Is Your Privacy Being Violated? A Specialist Lawyer Knows What to Do

03/04/2018


The law of privacy is developing apace and, with the right legal advice, you can now effectively block unreasonable intrusions into your personal life. In one case exactly on point, the High Court came to the aid of a wealthy businessman who reaped a whirlwind after embarking on an extra-marital affair.

The man was encountering difficulties in his marriage when he became infatuated with a woman with whom he conducted a two-year affair. Following the end of their relationship, she twice falsely claimed that he had made her pregnant and that he had given her a sexually transmitted disease. She made repeated demands for money and he paid her sums running well into six figures.

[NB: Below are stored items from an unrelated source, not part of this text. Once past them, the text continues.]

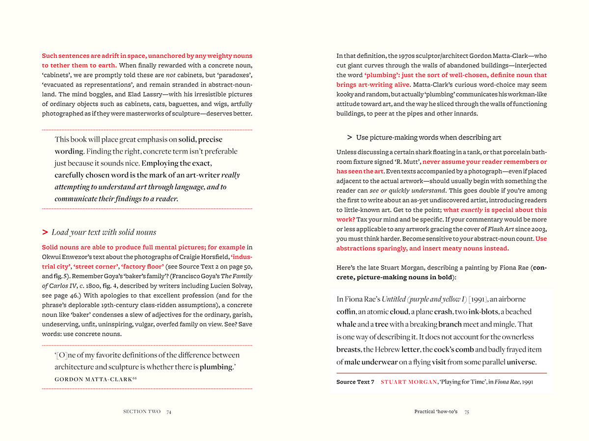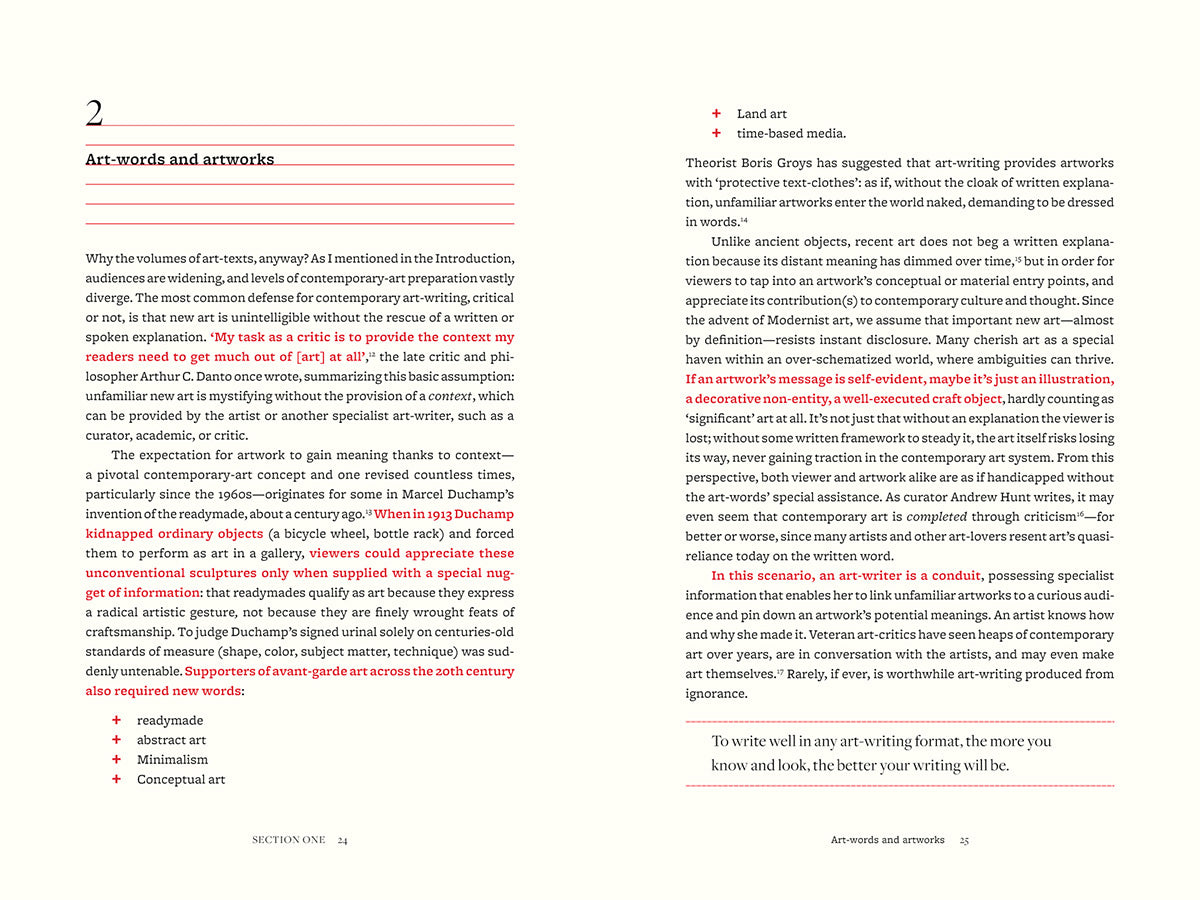 In counselling the reader against common pitfalls - such as jargon and poor structure - Gilda Williams points instead to the power of close looking and research, showing how to deploy language effectively; how to develop new ideas; and how to construct compelling texts. More than 30 illustrations throughout support closely analysed case studies of the best writing in Source Texts by 64 authors, including Claire Bishop, Thomas Crow, T.J. Demos, Okwui Enwezor, Dave Hickey, John Kelsey, Chris Kraus, Rosalind Krauss, Stuart Morgan, Hito Steyerl and Adam Szymczyk.
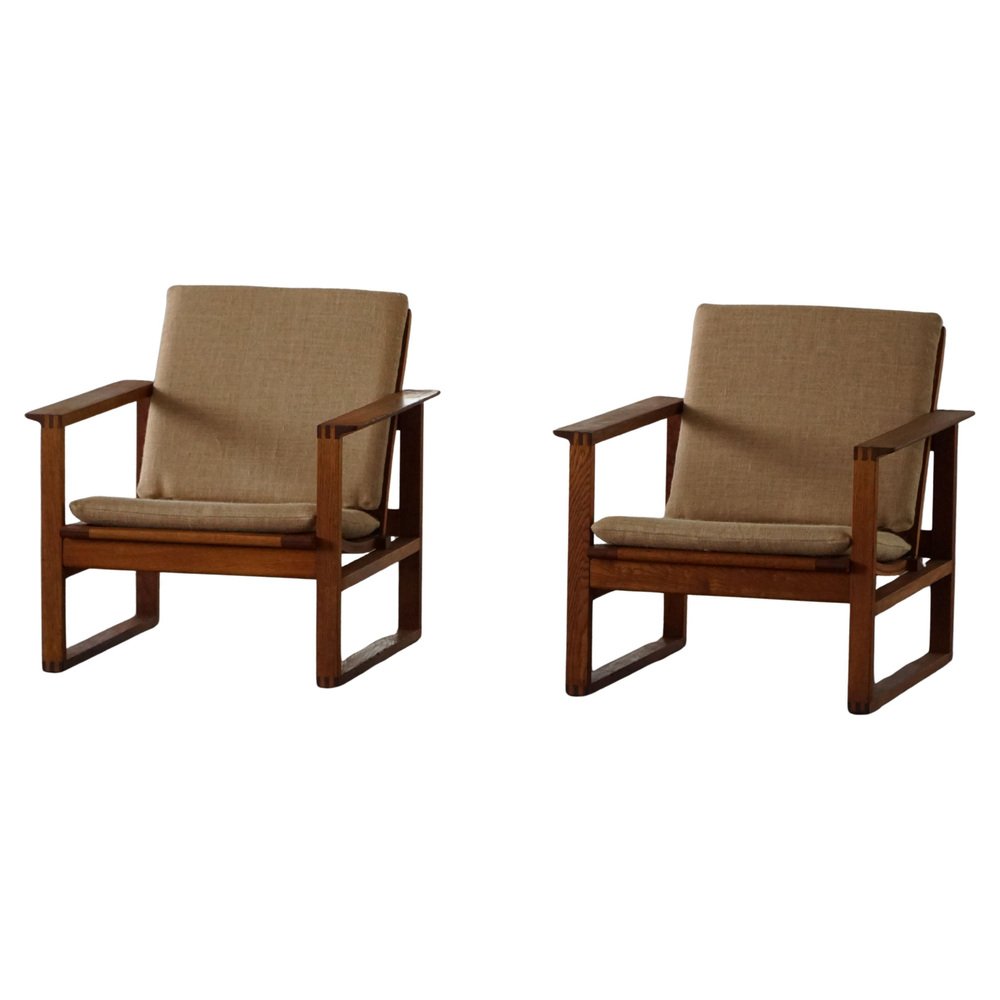 Butacas Mid-Century modernas de haya y tela, Dinamarca, años 60. Juego de 2
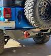 The RockBrawler II is the latest evolution in JK rear bumpers, incorporating many features requested by customers, and product improvements born of real world use and testing of the original RockBrawler. This bumper combines the best features to maximize performance on the toughest trails with some of the more refined traits not normally needed on a dedicated rock crawler. Its most prominent feature is the all new RockBrawler II Tire Carrier, which connects to the tailgate for easy, single-action opening. It's also slightly wider and deeper than the orignal RockBrawler for increased corner protection, and features an integrated hitch. Available in SpyderShell Armor Coat which is an industrial grade, super-durable architectural finish in semi-gloss black. SpyderShell Armor Coat is engineered to retain its appearance through years of exposure to sun and weather. SpyderShell is a coating process unmatched by any other Jeep armor after-market manufacturer.
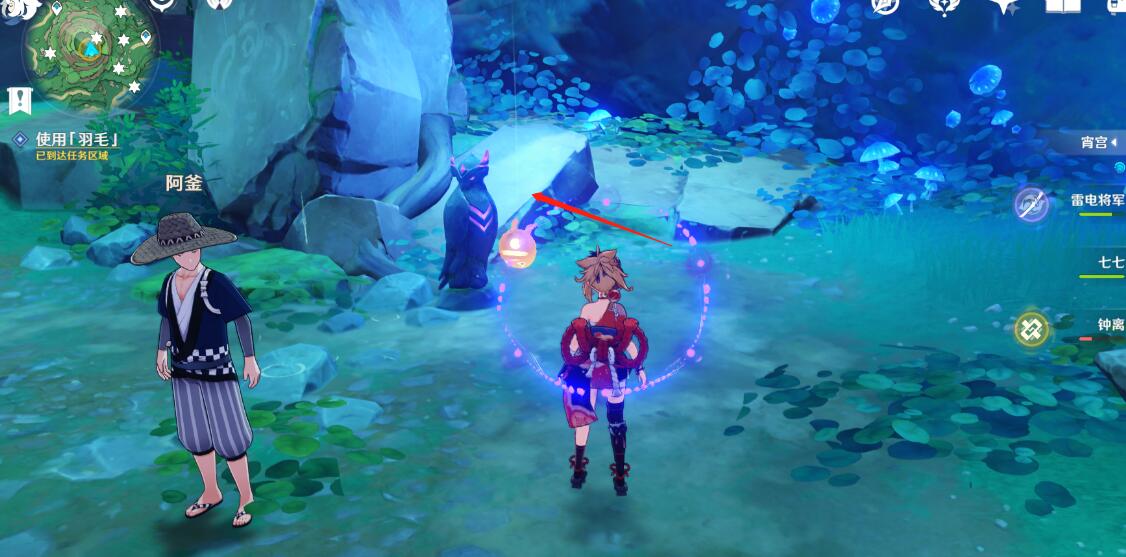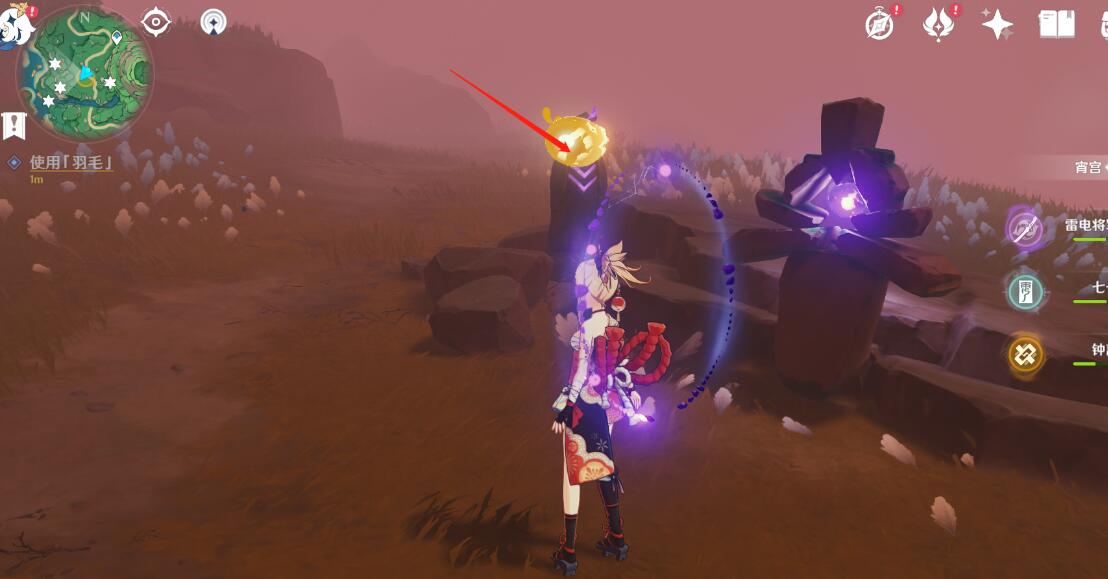 跟着指引走,第一个地方的雷鸟雕像,用羽毛照一下。
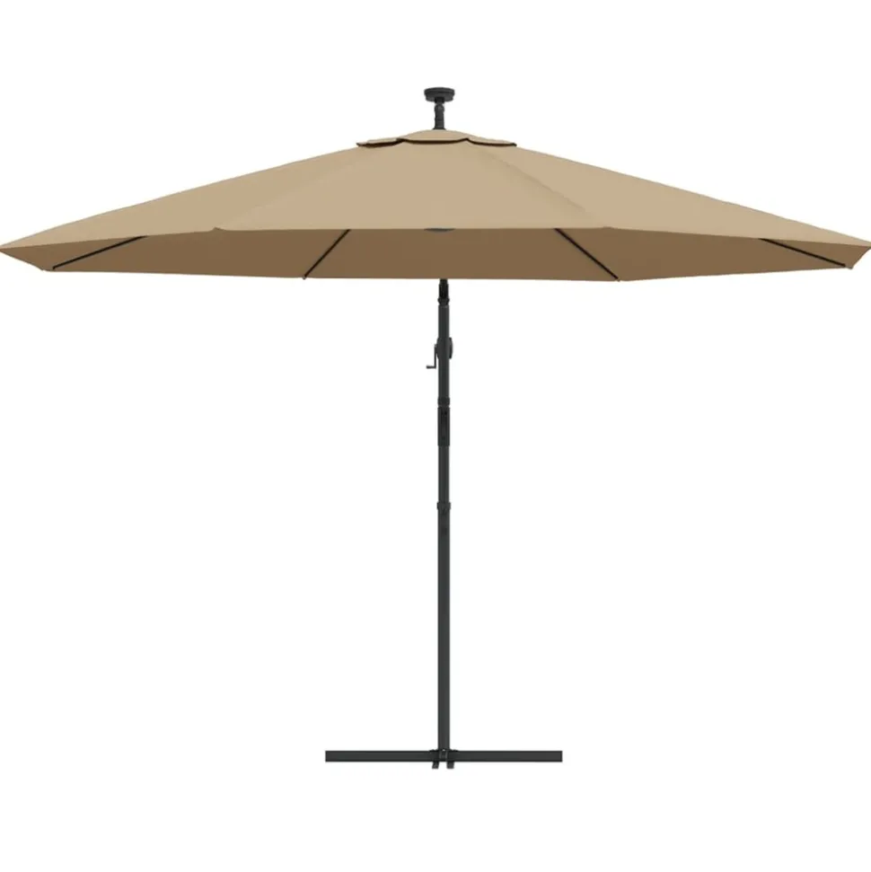 Cet élégant parasol suspendu avec lumières LED est parfait pour créer de l’ombre et vous protéger des rayons UV nocifs. Fabriquée en polyester anti-UV et anti-décoloration, la couverture de parasol vous offre une protection optimale contre le soleil et est facile à nettoyer. Il dispose de 24 LED à énergie solaire pour éclairer automatiquement votre espace de vie extérieure et créer une ambiance chaleureuse et romantique quand le soleil se couche. Il est également livré avec une base croisée robuste pour ajouter de la stabilité. Le design exclusif de ce parasol vous permet d’incliner le parasol pour bloquer le soleil qui se dirige vers l’horizon. Le poteau en métal résistant, ainsi que les 8 nervures durables, rendent le parasol très stable et durable. Notre parasol de jardin peut être ouvert et fermé facilement grâce au mécanisme à manivelle. L’article est facile à assembler. Veuillez noter que nous vous recommandons de traiter le tissu du parasol avec un spray imperméabilisant s’il est soumis à des fortes précipitations.

The man’s lawyers argued that the woman had engaged in a relentless campaign of harassment. Amongst other things, she had threatened to disclose details of the relationship to his work colleagues and to ‘go to the tabloids’ unless he paid her £3 million in what she described as maintenance.

In ruling on the man’s case, the Court noted that it is not necessarily unreasonable for a pregnant woman to pursue a father in search of decisions about what is to be done, and how it is to be paid for. The man could reasonably have expected to receive such communications as a consequence of having unprotected sex with the woman, however inconvenient that might be. The Court noted, however, that, when the woman did in fact become pregnant, both the date of conception and the identity of the father were unclear.

In upholding the man’s breach of privacy claim, the Court noted that the law regards sexual activity as a classic instance of information in respect of which there is a reasonable expectation of privacy. Information that the woman had disclosed, or threatened to disclose, to third parties amounted to no more than prurient gossip in which there was no legitimate public interest.

The Court was satisfied that she had several times extracted money from the man on a patently false basis and that her course of conduct had, in some instances, overstepped the mark into harassment. The man was awarded £5,000 in damages in respect of the infringements of his privacy and the Court issued an injunction that placed wide-ranging constraints on the woman’s future behaviour. No separate award was made for the proved instances of harassment.